Evenings, I would sit
on a moldy, high-back couch
and watch the light outside go mauve, then die.
The neighbor’s house was strung with discs of mirror
that turned in wind, blinding us
when the sun was right, or throwing phantom orbs
the cat would hunt
across the wall.
Those years were shapeless, unperfumed,
a tintering of salt and beaten air. Winter looked identical
to summer, which gave the dim impression
of a stilled planet, of a planet
to which the worst had already happened.
It was also a time when stars were back in fashion,
not knowing their names or the physics of them,
but using them for augury or just diagnosing
personality traits. Many turned to stars because they felt jilted
or unpersuaded by Western science, which had by that point
made most other knowledge irretrievable,
but some just said, “It’s fun, it’s only fun.
You don’t have to believe in anything.”
I couldn’t see the fun.
Still, I startled when the chart said I was flirty
and contrarian, obsessed by hair. Just that week
I had received a regrettable haircut, which energized in me
a passion for hats. A helmet was a sort of hat,
and I wore one every weekend when I bicycled
to the abandoned military base, where bits of missile
nosed out of the beach and ice plant
splashed the dunes with rust and green, the colors
of my fear. Ahead of me between the bluffs
would tromp the man I loved, a stalk
among sargassum, tacking west. Or else behind me
if I pedaled fast, or next to me if talk or some dispute
were underway. Our fights, I thought, were very rare,
though he found them very frequent,
it was a question of thresholds.
Sometimes we would fight about how much we fought,
facing each other in the little apartment
we shared by the harbor, frothing up
the atmosphere between us with our hands.

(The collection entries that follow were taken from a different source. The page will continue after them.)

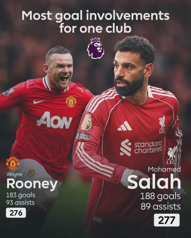 一、46秒闪击,胜利却带着裂痕 开场仅46秒,22岁的法国前锋埃基蒂克抽射破门,点燃了安菲尔德。第60分钟,萨拉赫开出角球,埃基蒂克头球梅开二度——这是萨拉赫利物浦生涯第89次助攻,加上188个进球,他以277次参与进球的数据,超越鲁尼,成为英超历史“单一俱乐部参与进球之王”。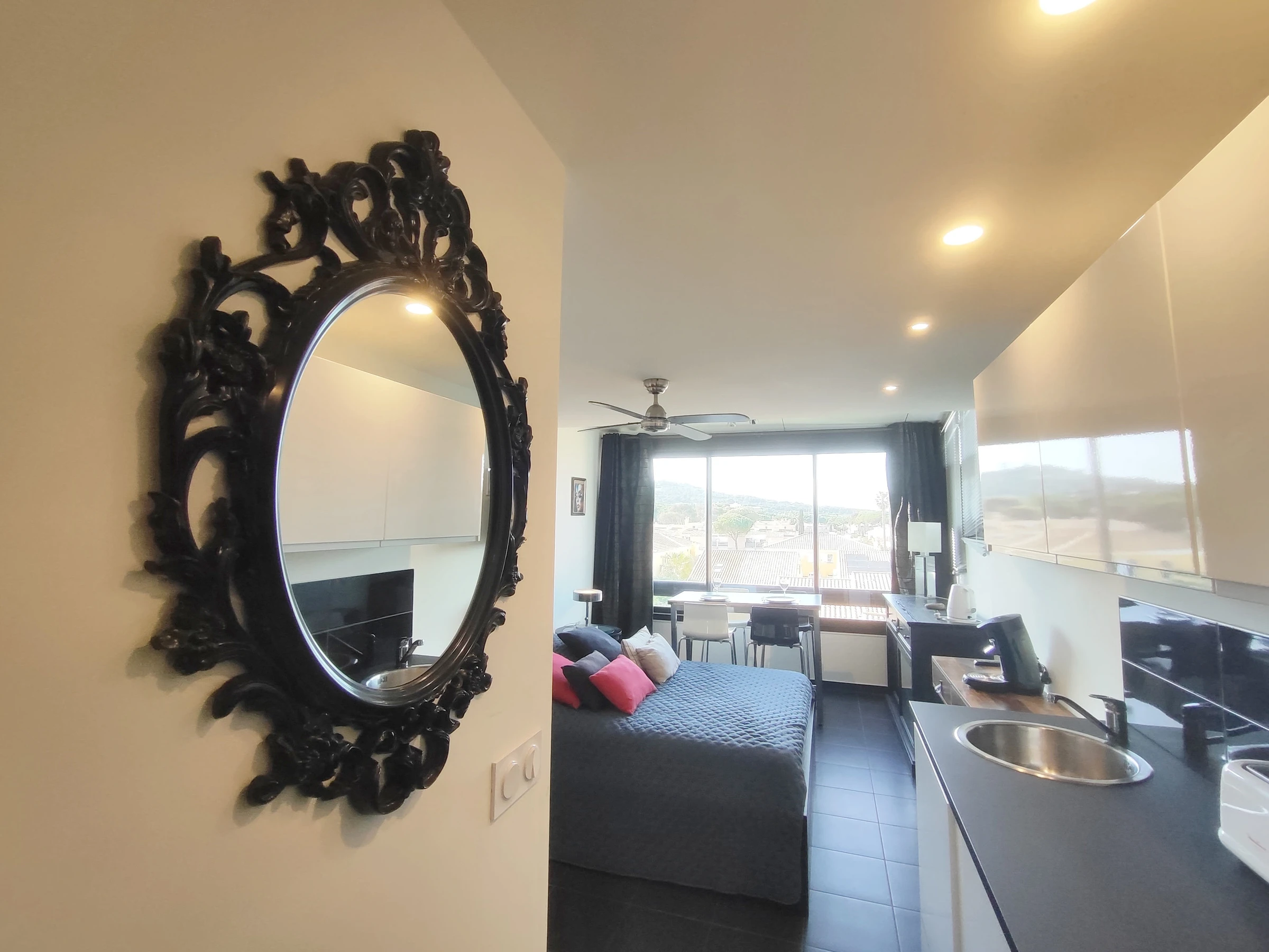 Studio pour 2 personnes, situé Résidence Port Vénus, avec accès gratuit à la piscine. Au 3ème étage avec ascenseur, côté piscine. Séjour avec lit en 140 cm. Coin cuisine avec micro-ondes, cafetière Senséo, gille-pain et bouilloire. Salle d'eau avec WC. Pas de de terrasse. Parking privé n°R315.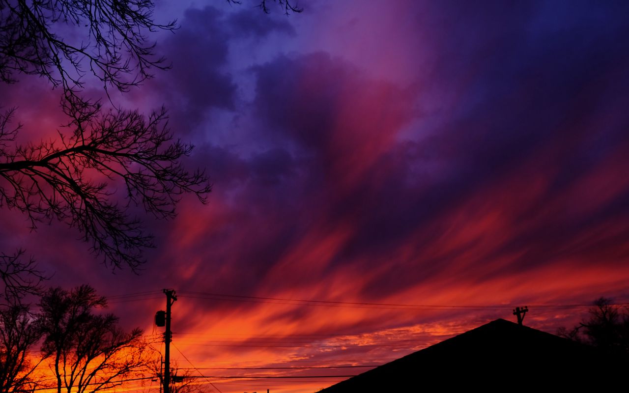 Download 1280x800 sky, roof of house, pole, wires, trees, bright wallpaper, background widescreen 16:10

During PMS, I’d say outlandish things:
I feel like a spayed cat, I feel like a woman
trapped in a painting that depicts her
as a virgin, but she’s not a virgin, she’s not even
a woman all the time.
It was the West, its lassitude and gorse.

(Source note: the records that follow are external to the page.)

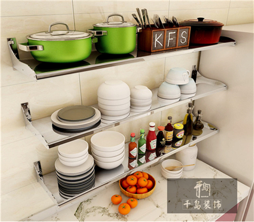 304鋼材防腐防水,底部是一整塊的設計使置物更穩,可以根據廚房空間大小選擇單層或多層掛置來打造干凈明亮的廚房環境。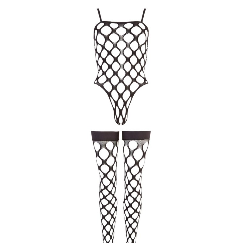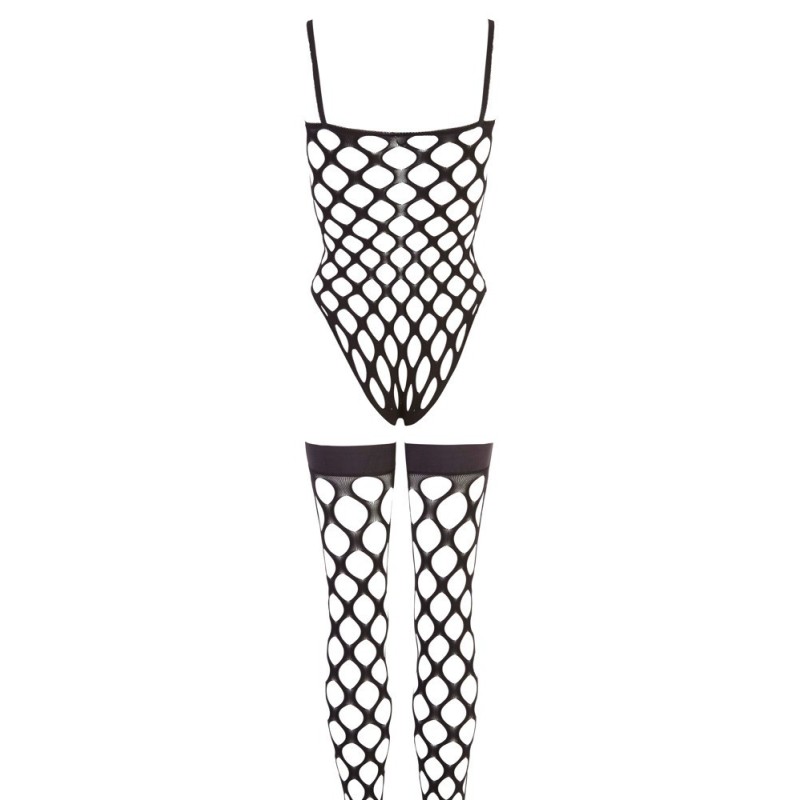 Corpo di Rio e calze in un set. Il tutto realizzato in rete nera, elastica, morbida e grossolana, senza cuciture. Calze di sostegno con rinforzo in silicone antiscivolo nella parte superiore. 90% poliammide, 10% elastan.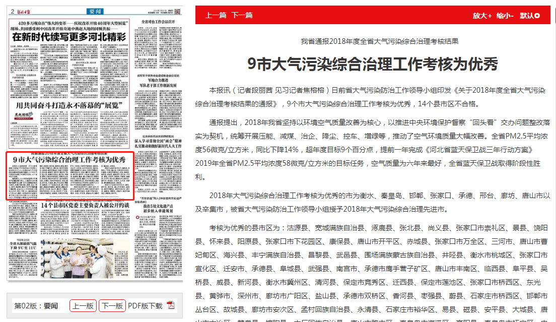 2018年大气污染综合治理工作考核为优秀的市为衡水、秦皇岛、邯郸、张家口、承德、邢台、廊坊、唐山市以及辛集市,被省大气污染防治工作领导小组授予2018年大气污染综合治理先进市。
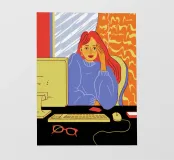 Een hedendaagse illustratie van een vrouw met levendig rood haar die achter haar computer werkt in een schemerige kamer. De gloed van het scherm verlicht haar gezicht en blauwe shirt. De scène toont een moment van focus en productiviteit op de late avond, met persoonlijke voorwerpen zoals een bril op het bureau.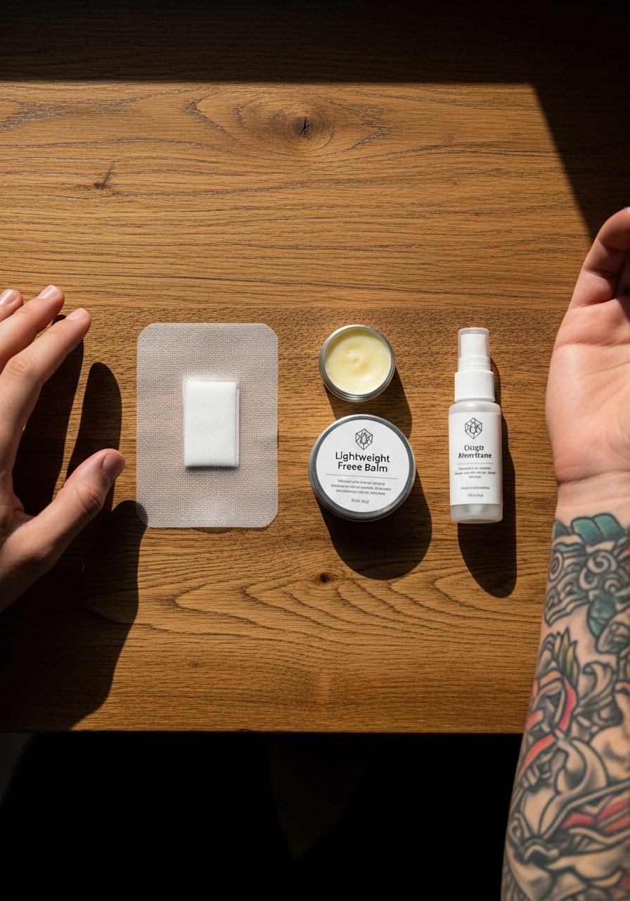 - Japanese Tegaderm alternative clear film dressing. Breathable film that artists mention for humid climates, useful on rib and back pieces where movement is constant.

It was the soft land ending as soon as I got used to it,
and the light, exhausted, spinning itself always
into gold. This was just before the era
of overt misinformation, or perhaps that era’s undetected
dawn, and for a while I suspected
that the world was an invention of my mind.
This made it difficult to advance at all
across the world, or make the bed, or taste
the fragile cod
the wharfmen hawked.
Looking out over the cliffs,
the man would say the names of fish and succulents,
the processes by which the beach
had cleft itself so steeply from the crag.
A tern flew by.
The sun came through a slotted spoon of cloud.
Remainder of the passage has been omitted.